We’re walking through the large sitting room when his attention lands on something in the corner. Someone. “Wait a second,” he mutters, steering us toward a photographer in the corner.
I walk on autopilot, but I’m confused. “You want to memorialize this night?”
“I want to be photographed beside you, yes,” he says in a low voice.
I want to stop right then and there. What the hell? Just so he can do what, exactly? Send an even stronger message of just how off the market he is?
“West,” I protest. “I don’t want to be?—”
“This photographer was hired by my mother’s party planners. I can make sure a photo of us ends up in the local paper.”
I shake my head slowly. “Why on earth do you care so much if people think you’re single or not?”
“Not me,” he says sharply. “You. If you have someone watching your every move, I want them to know that I’m next to you now. That you’re not alone and that you’ve got a powerful friend in your corner. People here will talk, but an image speaks louder.”
“Oh. I didn’t realize… That’s smart.”
His lips twitch again. “Thank you very much.”
“Okay. Let’s do it.”
He takes the champagne bottle from my hand and puts it on the windowsill behind me. Then he holds out a hand for his jacket.
“Oh. Right.”
He tosses that beside the champagne bottle, and then the photographer’s attention is on us. I shuffle beside West, and he reaches for the low of my back again, wrapping an arm around me.
It doesn’t feel so bad.
It feels… good, and warm, and strong. And he’s not trying to charm me, to get me into bed. There are no expectations here. It’s an act, and I know how to act.

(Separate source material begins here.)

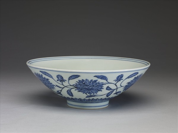侈口,淺壁,矮圈足。外壁畫纏枝番蓮花六朵,底邊畫蓮瓣紋一周,口足間加飾青線六道。碗內底心畫葵花一朵,邊加雙線,周壁純白無紋飾。底有青花書「大明宣德年製」二行六字楷款,外加雙圈。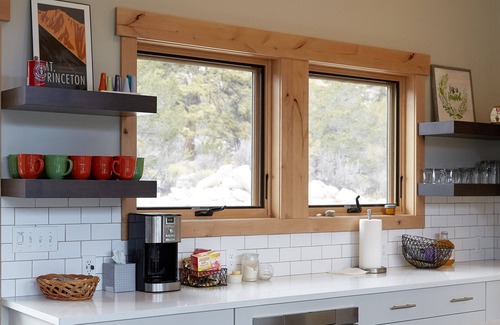 The southern facing front deck, with comfortable patio furniture, is perfect for morning coffee, or you can sit in the backyard shade to enjoy the cool mountain air. A picnic table and a gas grill, along with an outdoor fire pit make the back yard area a perfect spot for evening meals. Please note that we adhere very strictly to the posted fire bans in the area. If fires are not permitted, you will be notified prior to check in. We provide a propane fire pit to our guests when there is a ban in effect. You will forfeit your deposit if you choose to ignore the fire bans. Ignoring the fire ban puts not only yourself at risk, but also the lives of our entire canyon community.

I tilt my head against his shoulder and smile at the lens. It’s one of the smiles I’ve perfected over years of modeling. The secret smile, a photographer once told me. Like you’re happy and thinking about a secret only you know. Or in this case, a secret only West and I know.
I think of him sitting alone in the armchair years ago, nursing his scotch and looking up to meet my gaze. Me asking. Want to grab a drink?
A flash.
I look up at West and keep that smile in place. He looks down at me, his eyebrows knitting together. His eyes really are the oddest color. The deep shade of whiskey or honey, so unusual beneath the scarred eyebrow. He looks at me like he’s trying to figure out what I’m thinking.
Another flash, and the spell is broken.
I step away from him.
West’s jaw works. He thanks the photographer and reaches for the bottle of champagne. “Come,” he tells me. “We’re done for tonight.”